→ **Task details**: Transcribe, starting at the line with "2025年7月,K1体育宋瑛" and ending at the line with "和统会举办讲座,张铭清谈两岸新形势。(图片来源:澳门日报)", every line of the material below exactly, but leave out the pictures and anything outside that span.

START The data

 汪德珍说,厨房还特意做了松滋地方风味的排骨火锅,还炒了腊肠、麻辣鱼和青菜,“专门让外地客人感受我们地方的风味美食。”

END The data
START The data

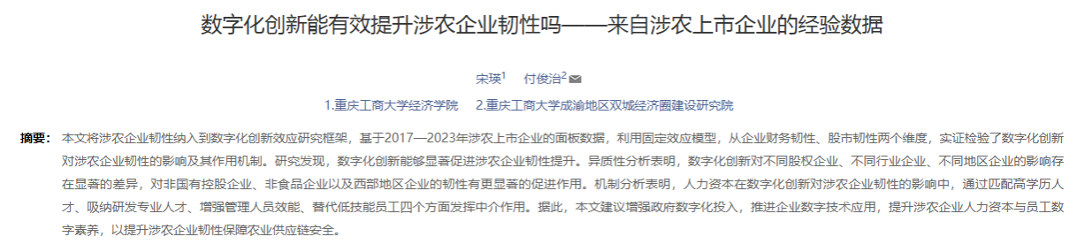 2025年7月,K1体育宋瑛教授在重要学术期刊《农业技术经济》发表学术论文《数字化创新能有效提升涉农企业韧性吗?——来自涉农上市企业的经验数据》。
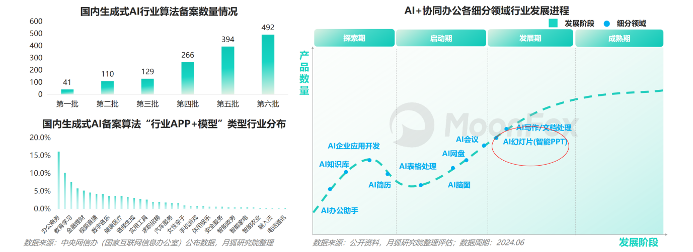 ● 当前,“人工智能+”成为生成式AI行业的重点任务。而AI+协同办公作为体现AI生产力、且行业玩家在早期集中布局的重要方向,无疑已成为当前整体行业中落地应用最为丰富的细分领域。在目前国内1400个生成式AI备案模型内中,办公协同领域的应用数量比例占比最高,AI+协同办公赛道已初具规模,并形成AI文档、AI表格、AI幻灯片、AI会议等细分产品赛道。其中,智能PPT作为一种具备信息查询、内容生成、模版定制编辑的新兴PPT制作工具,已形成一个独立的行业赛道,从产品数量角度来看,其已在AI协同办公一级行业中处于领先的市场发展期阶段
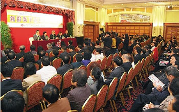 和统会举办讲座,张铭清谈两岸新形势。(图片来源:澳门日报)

END The data

→ **Response**:
 2025年7月,K1体育宋瑛教授在重要学术期刊《农业技术经济》发表学术论文《数字化创新能有效提升涉农企业韧性吗?——来自涉农上市企业的经验数据》。
 ● 当前,“人工智能+”成为生成式AI行业的重点任务。而AI+协同办公作为体现AI生产力、且行业玩家在早期集中布局的重要方向,无疑已成为当前整体行业中落地应用最为丰富的细分领域。在目前国内1400个生成式AI备案模型内中,办公协同领域的应用数量比例占比最高,AI+协同办公赛道已初具规模,并形成AI文档、AI表格、AI幻灯片、AI会议等细分产品赛道。其中,智能PPT作为一种具备信息查询、内容生成、模版定制编辑的新兴PPT制作工具,已形成一个独立的行业赛道,从产品数量角度来看,其已在AI协同办公一级行业中处于领先的市场发展期阶段
 和统会举办讲座,张铭清谈两岸新形势。(图片来源:澳门日报)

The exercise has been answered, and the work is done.